Correctly understanding the business functions can save you a lot of time down the road. Taking your time in this stage is a good idea so that you don’t jump into a machine learning solution that builds on incorrect assumptions, and does not align with the business problems you care about. BUPD is broken up into several parts:
Objectives | Identify business objectives that machine learning techniques can address. |
Problem definition | The business needs to agree that solving this machine learning problem will be relevant to their original business problem. |
Stakeholders & Communication | Identify internal and external stakeholders and their role. How everyone will communicate and how often. |
Data sources | Highlight any data sources that will be used for the project. |
Constraints | Many factors that will put constraints on what you are able to do. |
Development environment | Define both the development environment and the collaborative environment that you’re going to use. |
Existing practices | Identify what business processes or practices are already in place. Domain knowledge is vital to a successful machine learning project. It’s good to get an overview of the actual processes in place pre machine learning. |
Milestones | What are the timelines for these milestones and what exactly will the deliverables look like. |
What concrete things will come out of BUPD stage? Possibly:
- a report describing all the procedures that are involved in the business process, as well as
- a report describing the machine learning version of the problem that’s going to be solved.
After all there’s a business problem and an equivalent machine learning solution. You need to outline what both of these are and then clearly define what success looks like. Remember, there are two problems here. So, you need to define success criteria for both the business and your machine learning model.
By the end of this phase you want to be able to answer, what is the machine learning solution for this business problem? The key to answering this question is communication.
No Free Lunch Theorem
Machine learning is all about performing a task (classification, regression, whatever). The idea is that with more experience, the machine will become better at that task with respect to a given evaluation criteria. Data is generated by some process. Those processes can be described by a probability distribution, whether we know what the distribution is or not. Most of the time, and definitely in all interesting cases, we don’t have an absolute reference for what the best probability distribution actually is.
However, if we have enough data coming from this probability distribution we can estimate it, and depending on the data quality, volume, how well behaved the underlying probability distribution truly is, we can use the data to train a model that can reasonably accurately predict new instances generated from the same distribution. The critical piece is that the machine learning prediction task we’re trying to solve, is dependent on the specific data generating distribution that underlies the tasks.

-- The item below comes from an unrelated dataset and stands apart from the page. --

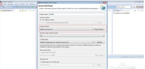 当你完成了添加tomcat的配置之后,在eclipse中找到File-->new-->Dynamic web project界面中就会出现tomcat服务器的下拉选择。如下图:
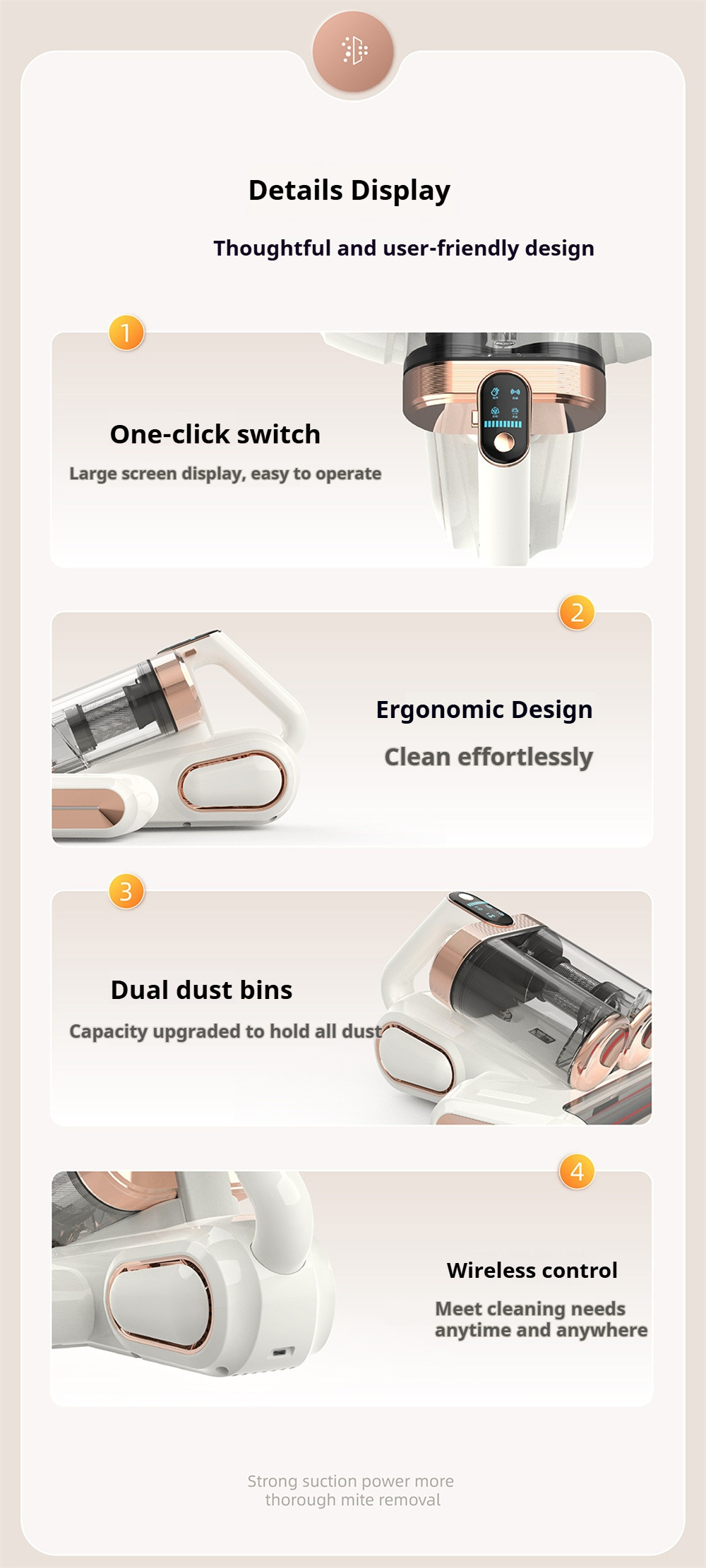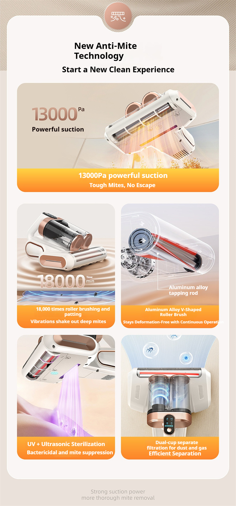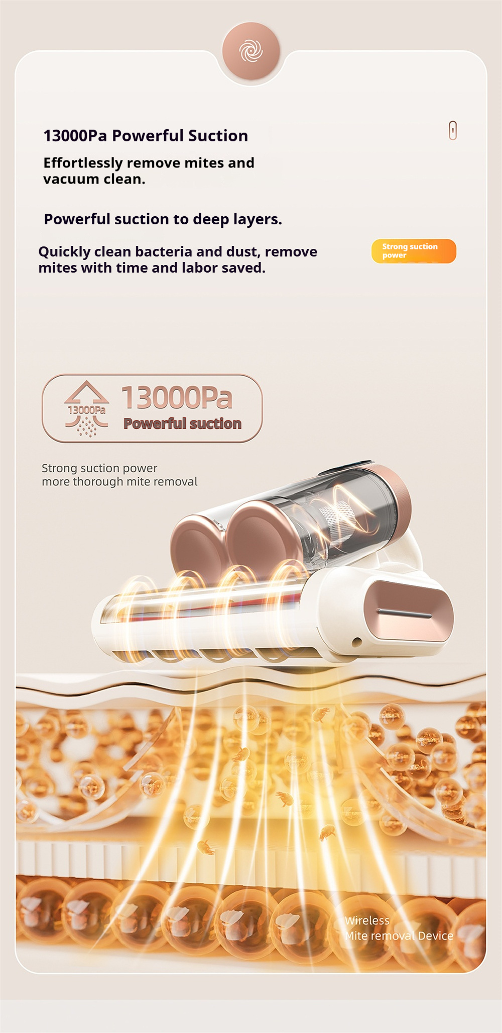 1.【 Deep Cleaning Power With Strong Suction & High-Speed Roller】This Mattr Vacuum Cleaner Combines 13,000Pa Strong Suction With A 30,000 Rpm High-Speed Roller Brush To Efficiently Lift Dust, Particles, And Debris Embedded Deep Within Mattresses, Sofas, And Cushions—Delivering Powerful Agitation And Thorough Deep Cleaning With Minimal Effort.

There is no universal learning algorithm which works better than any other, on all machine learning prediction tasks or application domains.
“No free lunch theorem”, David Wolpert, Computer Scientist
So the no free lunch theorem says that when averaged over all possible data generating distributions, any learning algorithm will have the same performance. Truly there are some learning algorithms perform better than others, the key is in the universal side.

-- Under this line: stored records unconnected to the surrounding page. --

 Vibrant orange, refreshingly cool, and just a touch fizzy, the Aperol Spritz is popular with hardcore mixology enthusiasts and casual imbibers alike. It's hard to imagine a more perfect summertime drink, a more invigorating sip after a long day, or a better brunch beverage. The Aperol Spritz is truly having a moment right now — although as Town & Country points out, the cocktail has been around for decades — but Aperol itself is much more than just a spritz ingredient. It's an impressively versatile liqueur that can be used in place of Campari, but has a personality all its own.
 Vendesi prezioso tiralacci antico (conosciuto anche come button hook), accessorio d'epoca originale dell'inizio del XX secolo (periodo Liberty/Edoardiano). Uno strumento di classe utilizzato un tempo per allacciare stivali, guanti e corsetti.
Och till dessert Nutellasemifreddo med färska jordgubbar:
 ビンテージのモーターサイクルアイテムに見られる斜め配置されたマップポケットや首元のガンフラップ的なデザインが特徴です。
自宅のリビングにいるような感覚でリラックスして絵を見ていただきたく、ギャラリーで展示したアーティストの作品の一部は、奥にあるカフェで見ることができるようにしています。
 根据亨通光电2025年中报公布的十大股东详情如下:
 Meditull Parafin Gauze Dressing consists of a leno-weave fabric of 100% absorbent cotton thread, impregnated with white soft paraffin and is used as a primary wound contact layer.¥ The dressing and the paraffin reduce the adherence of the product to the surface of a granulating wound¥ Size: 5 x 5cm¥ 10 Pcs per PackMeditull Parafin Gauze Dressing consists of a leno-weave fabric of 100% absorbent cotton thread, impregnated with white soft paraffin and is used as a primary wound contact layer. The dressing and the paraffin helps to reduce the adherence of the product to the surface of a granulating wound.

- All distributions, include:
- Arbitrary, constant or useless distributions.
- Distributions we care, include:
- Some distributions where algorithm A is optimal
- Some distributions where algorithm B is optimal
According to the no free lunch theorem, there’s no universal solution that we can promise performs best, even on everything we care about, because we don’t really know what the underlying distributions are for everything we care about. A learning algorithm which works well in one task may not work well in another task, compared to a different learning algorithm. There is simply no universally best model or algorithm.
How to Train Models?
- First we have to try different learning algorithms to identify the best one for a given task.
- Second, for us to make sure the selected algorithm is the best for the task at hand, we need a large enough dataset to represent the data generating distribution of that task.

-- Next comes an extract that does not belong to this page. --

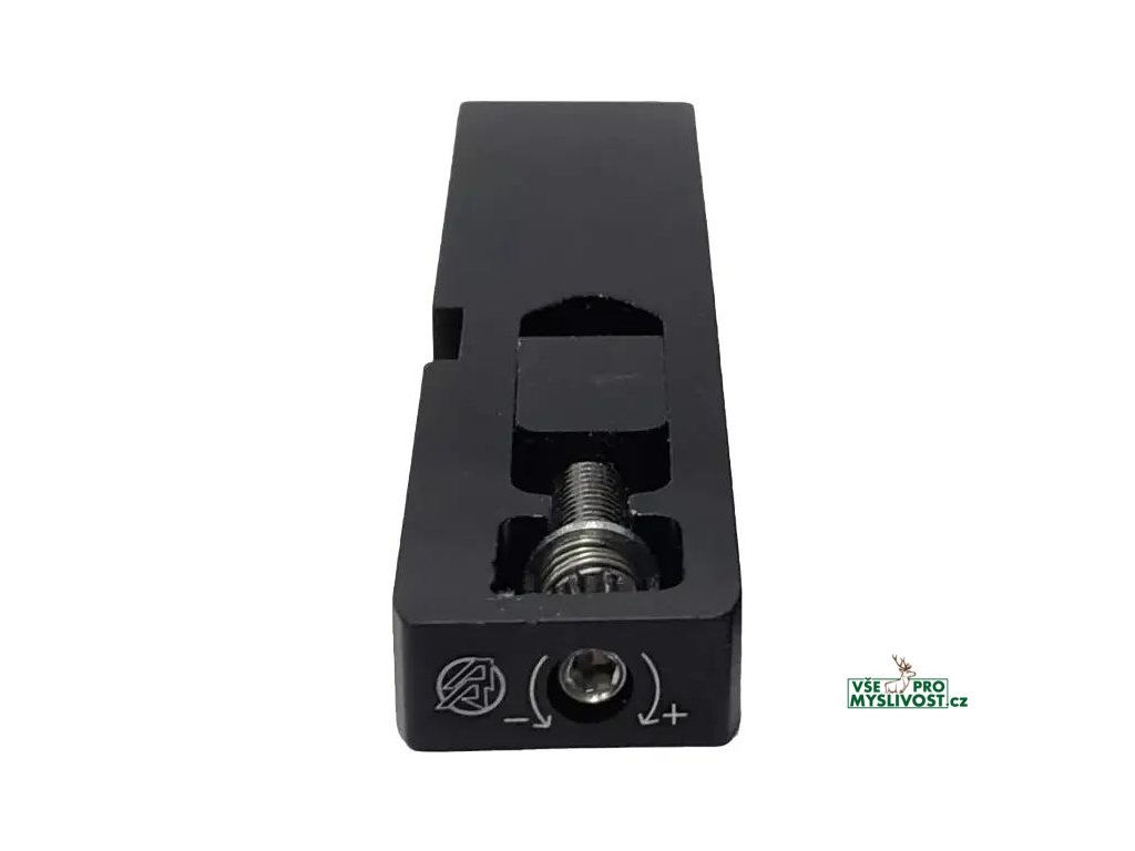 Pro nastavení prachové náplně je potřeba použít imbusový klíč 2,5 mm (není součástí dodávky). Nastavovací šroub má 12 kliknutí na otáčku, pro snazší nastavení přesné prachové navážky.

How Problem Definition is Shaped
- What you want to achieve?
- Decide on your high-level desired outcomes.
- What actions will be taken by whom?
- Use your best brainstorming practices to think creatively.
- What information will that action be based on?
- What kinds of questions improve the effectiveness?
- Think about the data that will be needed to be able to answer that question.
- Can you access that data?
- Is data enough to build model?
- Is data in form of steady stream for putting the model into operation?
If the answer’s YES, you’re in good shape to continue. If the answer’s NO, revisit your list of actions and questions and work through the data again until you find the right fit. The needing to do multiple iterations of this process is not only common, but often gives a much better foundation for your machine learning project.
Once you’ve sorted out all of these questions and you have the answers that are high level, you’re ready to get your hands dirty by entering the data acquisition and understanding phase.
Data Acquisition and Understanding (DAU)
The DAU phase is the time when you’re actually going to get into data and start investigating what you have. The DAU phase is where all of your prior assumptions are going to be tested. If we have done a bad job in the previous BUPD phase, it will now be revealed. What happens in this phase?
- Data acquisition – get data from your client.
- Multiple data sources
- Take time acquiring the data
- Understand the volume and how data transferred
- Protect and acknowledge the privacy
- Encryption standards
- Query
- Data cleaning – alignment, normalization and removal of bad values.
- Align multiple tables
- Filter out certain values, errors, etc.
- Get help from domain experts
- Data processing – convert data into an appropriate form for modeling.
- Label for supervised learning
- Data pipeline – refine our data regularly as part of the ongoing learning process.
- Identify steps and reusable code
- Exploratory data analysis – gain deeper understanding about the data.
- Confirm certain assumptions you or the business had
- It might contradict some of the beliefs
- Limit how much time you spend doing EDA
- Feature engineering – identify the features in the data
After refining your raw data, the volume of data will be smaller than the original raw dataset. Your cleaning and processing phases generally mean throwing away a lot of useless data. So you need to examine how your new refined data informs decisions that you made earlier in the BUPD phase and thus iteration begins.
Metadata
It turns out that the data alone without the context of how it was collected, stored, processed, and monitored isn’t nearly sufficient for responsible Machine Learning. We also need metadata. Metadata is simply data about data. This means a description and context for the data. It helps organize, find, and understand data.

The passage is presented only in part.